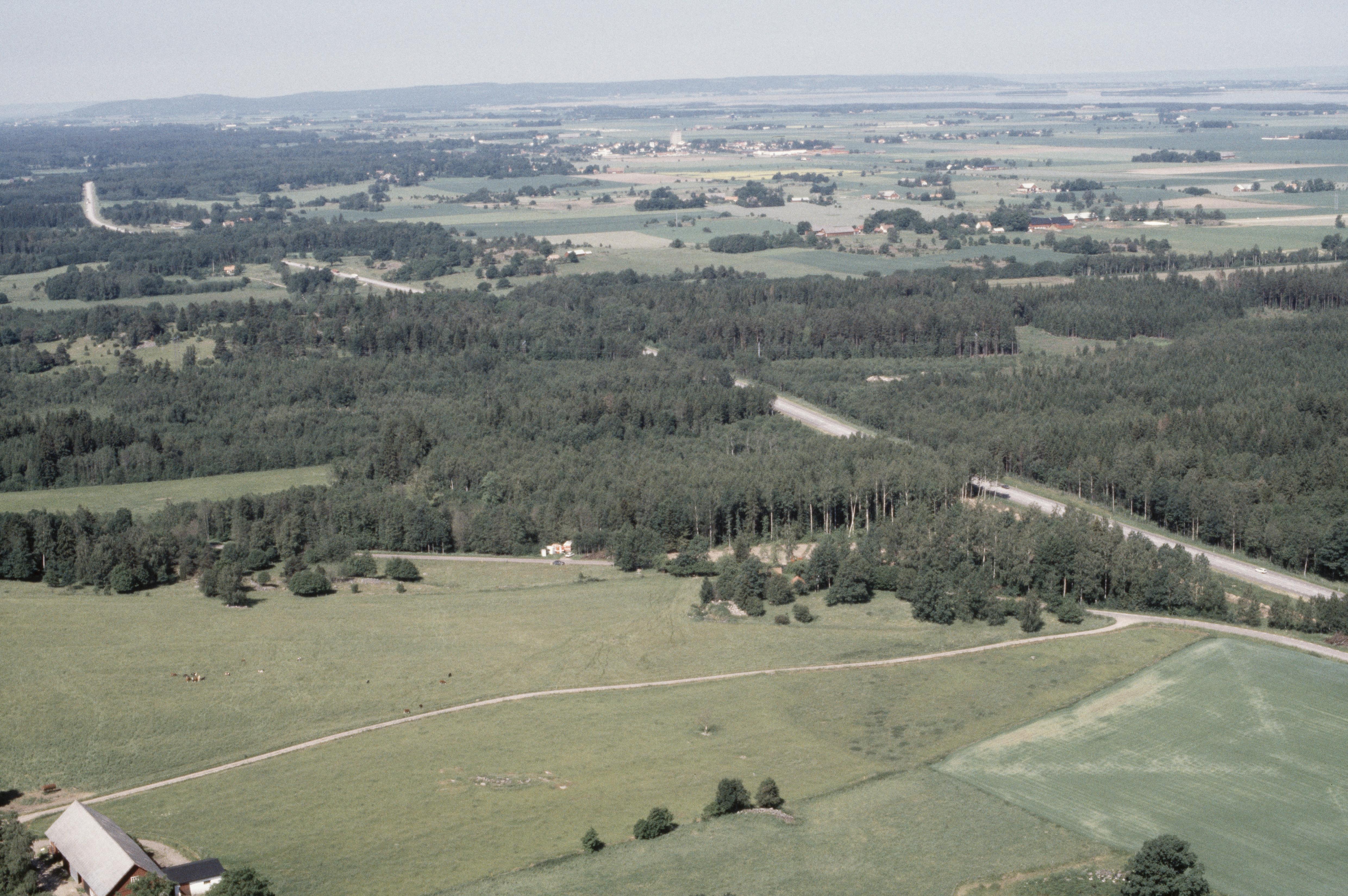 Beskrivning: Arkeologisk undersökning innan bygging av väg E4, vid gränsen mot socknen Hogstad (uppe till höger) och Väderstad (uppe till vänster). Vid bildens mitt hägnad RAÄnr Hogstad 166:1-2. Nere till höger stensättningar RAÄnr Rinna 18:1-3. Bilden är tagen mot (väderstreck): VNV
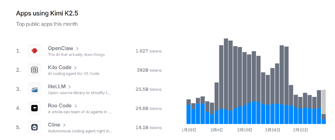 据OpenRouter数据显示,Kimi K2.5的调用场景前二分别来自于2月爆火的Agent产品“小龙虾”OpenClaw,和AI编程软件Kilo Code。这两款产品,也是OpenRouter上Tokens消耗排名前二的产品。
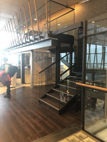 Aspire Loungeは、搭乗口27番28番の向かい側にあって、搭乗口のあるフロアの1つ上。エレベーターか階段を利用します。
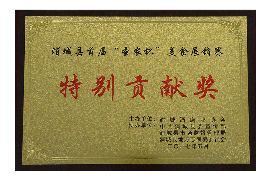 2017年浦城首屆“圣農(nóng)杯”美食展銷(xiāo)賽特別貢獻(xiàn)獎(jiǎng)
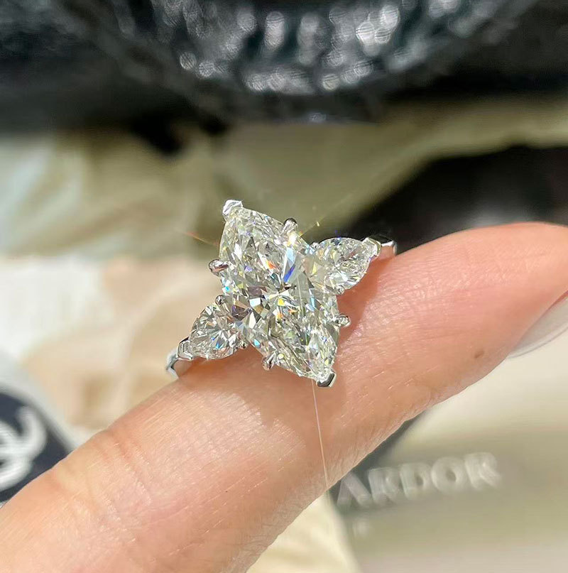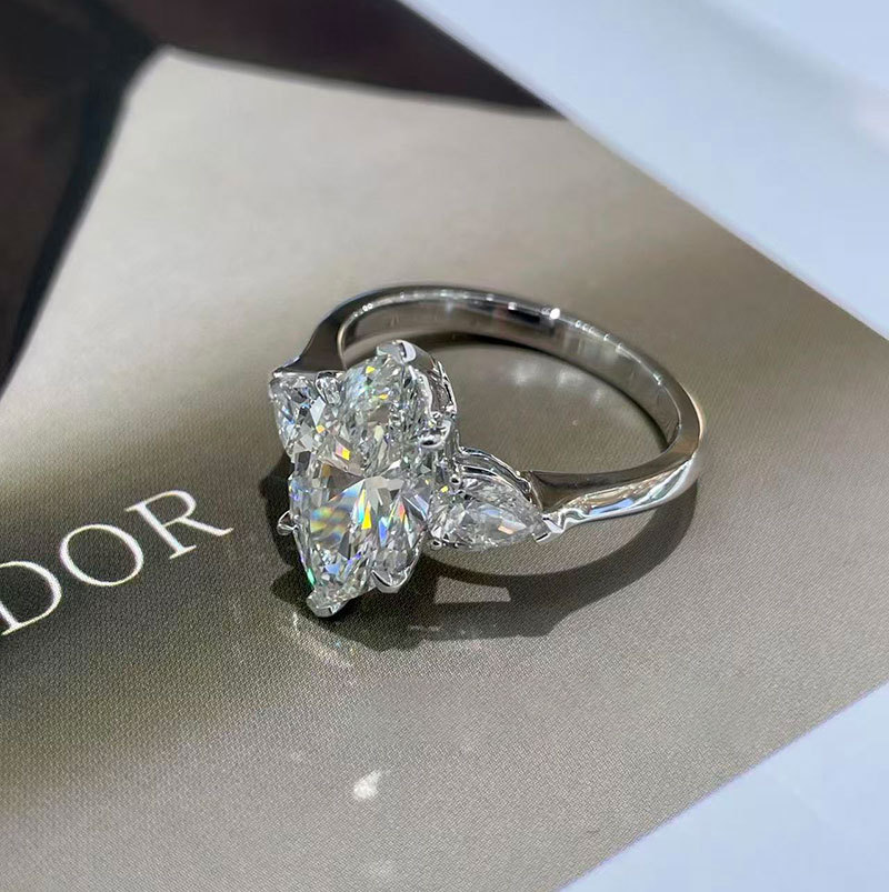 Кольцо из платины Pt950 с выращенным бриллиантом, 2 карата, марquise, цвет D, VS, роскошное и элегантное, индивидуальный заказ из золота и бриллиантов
============================================================
Word for word, give the listing above again, but drop any pictures.

PROBLEM SOLUTION ▸
 Beskrivning: Arkeologisk undersökning innan bygging av väg E4, vid gränsen mot socknen Hogstad (uppe till höger) och Väderstad (uppe till vänster). Vid bildens mitt hägnad RAÄnr Hogstad 166:1-2. Nere till höger stensättningar RAÄnr Rinna 18:1-3. Bilden är tagen mot (väderstreck): VNV
 据OpenRouter数据显示,Kimi K2.5的调用场景前二分别来自于2月爆火的Agent产品“小龙虾”OpenClaw,和AI编程软件Kilo Code。这两款产品,也是OpenRouter上Tokens消耗排名前二的产品。
 Aspire Loungeは、搭乗口27番28番の向かい側にあって、搭乗口のあるフロアの1つ上。エレベーターか階段を利用します。
 2017年浦城首屆“圣農(nóng)杯”美食展銷(xiāo)賽特別貢獻(xiàn)獎(jiǎng)
 Кольцо из платины Pt950 с выращенным бриллиантом, 2 карата, марquise, цвет D, VS, роскошное и элегантное, индивидуальный заказ из золота и бриллиантов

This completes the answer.